Day 166

July 6th, 2010 § 1 Comment

Or, In Regards to Kenya, etc.

I’m a believer in the power of words – that eloquently and beautifully composed ones can move you at a particular time and evolve with you so that they are infused with new layers of meaning each subsequent time you encounter them. One of these instances is this. I’ve been meaning to write something about Kenya (and I will still), but re-reading the sermon “The Weight of Glory” just blew my mind about the way I thought about the people and stories – both the beautiful and the heartbreaking – I encountered there.

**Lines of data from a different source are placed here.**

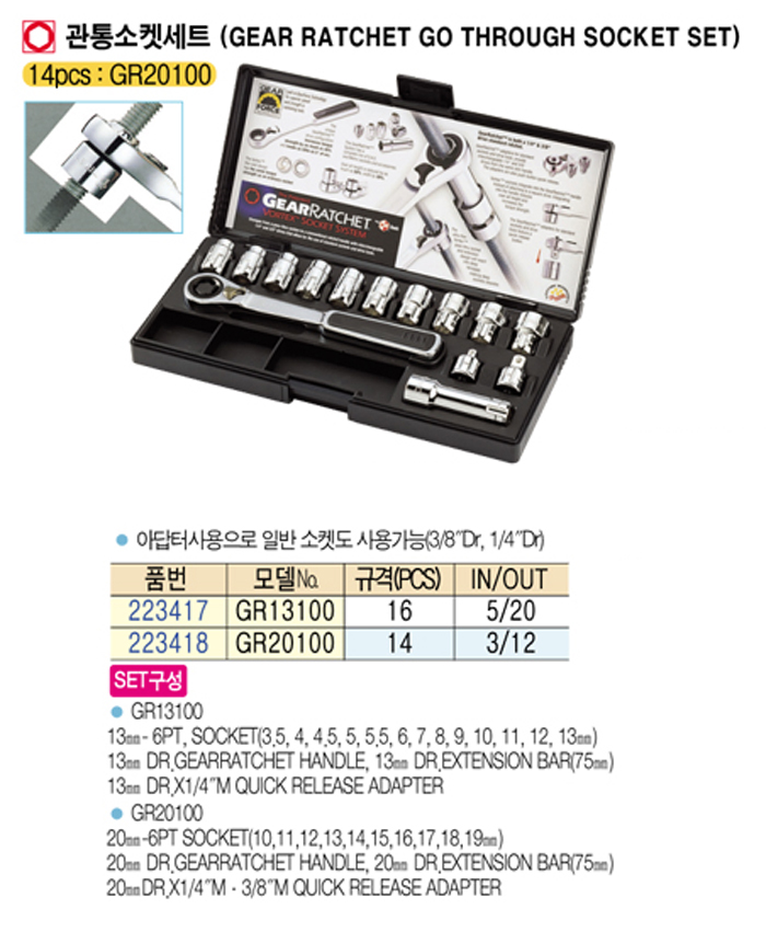 [¸®¿þÀÌ] °üÅë¼ÒÄϼ¼Æ®(Gear ratchet go through socket set) GR13100
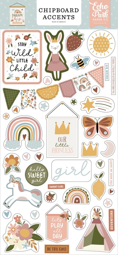 Η συλλογή Dream Big Little Girl της Echo Park είναι αφιερωμένη σε όλα εκείνα τα μικρά θηλυκά... τερατάκια που έχουν κλέψει τις καρδιές μας ανεπιστρεπτί! Σε παστέλ αποχρώσεις του ροζ, πολύχρωμα ζωάκια, μωρουδιακά και τρυφερά sentiments συνθέτουν την πιο μοναδική ιστορία για υπέροχα κοριτσάκια!
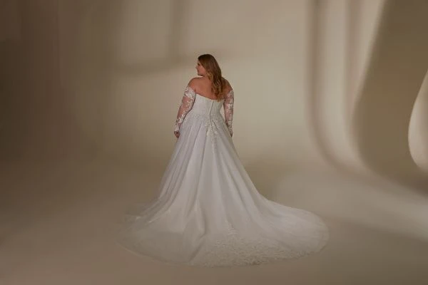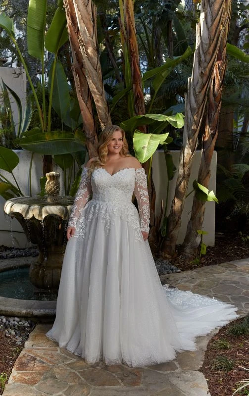 Mori Lee Julietta 3397 Leandra plus size wedding gown is fashioned in sparkle tulle, with a strapless sweetheart neckline and detachable illusion long sleeves. Beaded lace appliques embellish the bodice and the chapel train of this A-line bridal dress, finished with covered buttons on the mid-rise back. Sleeves are also sold separately as Style 11459.
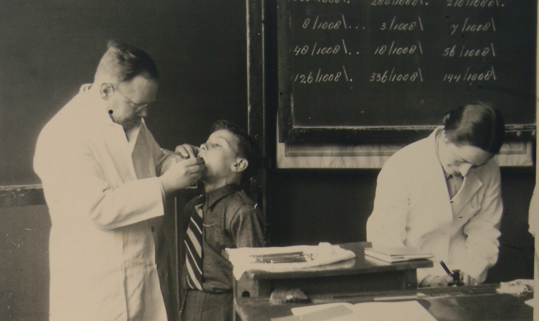 - Schooltandarts Hendriks met assistente M.J. Schillemans

There are no ordinary people. You have never talked to a mere mortal. Nations, cultures, arts, civilization—these are mortal, and their life is to ours as the life of a gnat. But it is immortals whom we joke with, work with, marry, snub, and exploit—immortal horrors or everlasting splendours. This does not mean that we are to be perpetually solemn. We must play. But our merriment must be of that kind (and it is, in fact, the merriest kind) which exists between people who have, from the outset, taken each other seriously—no flippancy, no superiority, no presumption. And our charity must be a real and costly love, with deep feeling for the sins in spite of which we love the sinner—no mere tolerance or indulgence which parodies love as flippancy parodies merriment. Next to the Blessed Sacrament itself, your neighbour is the holiest object presented to your senses.